Township in Ohio, US

Clay Township is one of the nine townships of Montgomery County, Ohio, United States. As of the 2020 census the population was 8,876.

==Geography==
Located in the northwestern corner of the county, it borders the following townships and cities:
- Union Township, Miami County - northeast
- Clayton - east
- Trotwood - southeast corner
- Perry Township - south
- Twin Township, Preble County - southwest corner
- Harrison Township, Preble County - west
- Monroe Township, Darke County - northwest

It is the only township in the county with a border on Darke County.

Three municipalities are located in Clay Township:
- Part of the city of Brookville, in the south
- The village of Phillipsburg, in the northeast
- Part of the village of Verona, in the northwest

The following unincorporated communities are located in Clay Township:
- Arlington
- Bachman
- Dodson

==Fire & Public Safety==

Fire & Emergency Medical Service throughout Clay Township is available under contract with the following full service departments (arranged by order of size of catchment area):
- Brookville, in the south,
- Phillipsburg, in the northeast,
- Verona, in the northwest

Clay Township maintains a full-service police force with an enforcement area throughout unincorporated areas of the township.
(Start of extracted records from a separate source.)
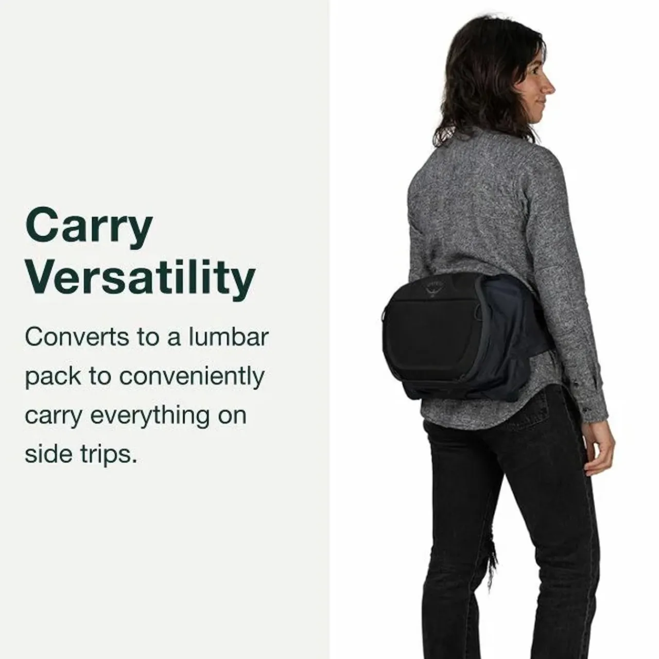 - Converts to lumbar pack. Padded hipwings store behind padded lumbar pad (both covered with spacer mesh) when not in use. Can also be carried cross-body.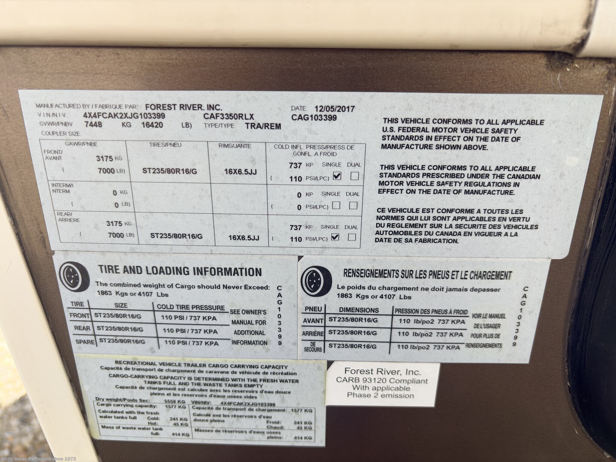 Request More Info on this 2018 Forest River Cardinal 3350RLX Offered for sale by White Horse RV Center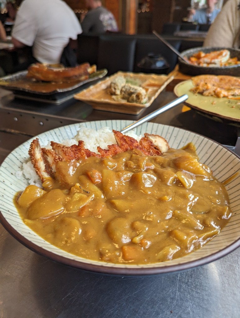 Mains to follow included chicken katsu for LC, Beef Bulgogi for HT and Bibimbap tofu for RS. The portions were huge for each meal but felt particularly so with the katsu curry. Crispy chicken on an enormous bed of rice and smothered with the classic katsu curry sauce. HT was a little disappointed with the meat on her bulgogi and felt if she had ordered the chicken it would have been more satisfying. None the less she was happy with the lettuce dumplings and maybe next time would try something else. RS was hit with the spicy sauce covering the tofu and fried egg at the top of the bibimbap but all of the ingredients infused together created mouthfuls of flavours with each bite. Not sure if the hot plate on the table was supposed to be used at any time but it was left off to save any injury. Drinks order was simple with sprite and Coca Cola although you wouldn’t have been able to decide on another option for your second drink as the menu was taken away.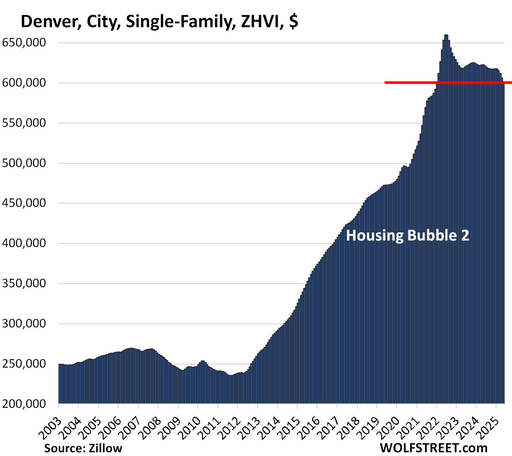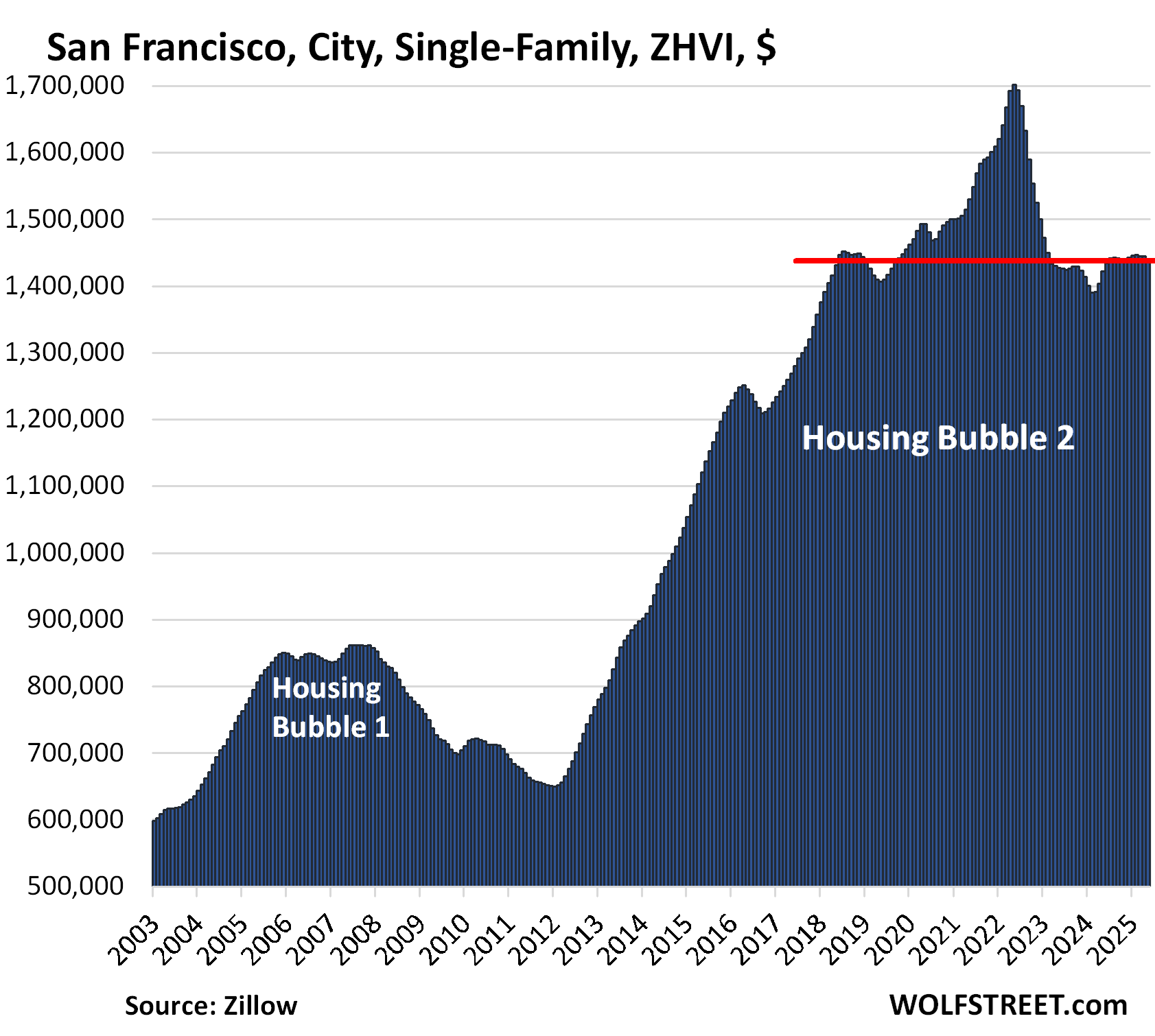 These prices here are seasonally adjusted three-month moving averages of “mid-tier” single-family homes in “cities” – not in metros, or Metropolitan Statistical Areas. The values are from the Zillow Home Value Index (ZHVI), which is based on millions of data points in Zillow’s “Database of All Homes,” including from public records (tax data), MLS, brokerages, local Realtor Associations, real-estate agents, and households across the US. It includes pricing data for off-market deals and for-sale-by-owner deals. These are not median prices.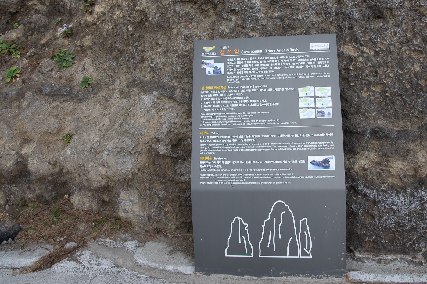 울릉도의 3대 해양 절경중 하나로 손꼽히는, 3개의 암석으로 구성된 '삼선암'의 모습니다.

Brookville and Phillipsburg also have a dedicated police force for their respective communities.

==Education==
The township is served by the following public school districts:
- Northmont City School District
- Tri-County North Local School District
- Brookville Local School District

==Economy==
Interstate 70 crosses Clay Township east-west in the south and the National Road (US-40) crosses east–west just north of I-70. OH-49, also known as Dayton-Greenville Pike, is a main north–south connector from Greenville to the north in Darke County to I-70.

Clay Township has established a Joint Economic Development District (a "JEDD") with the neighboring city of Clayton at the intersection of Interstate 70 and OH-49.

==Name and history==
Established on June 8, 1825. It is one of nine Clay Townships statewide. It is named after the statesman Henry Clay.

==Government==
The township is governed by a three-member board of trustees, who are elected in November of odd-numbered years to a four-year term beginning on the following January 1. Two are elected in the year after the presidential election and one is elected in the year before it. There is also an elected township fiscal officer, who serves a four-year term beginning on April 1 of the year after the election, which is held in November of the year before the presidential election. Vacancies in the fiscal officership or on the board of trustees are filled by the remaining trustees.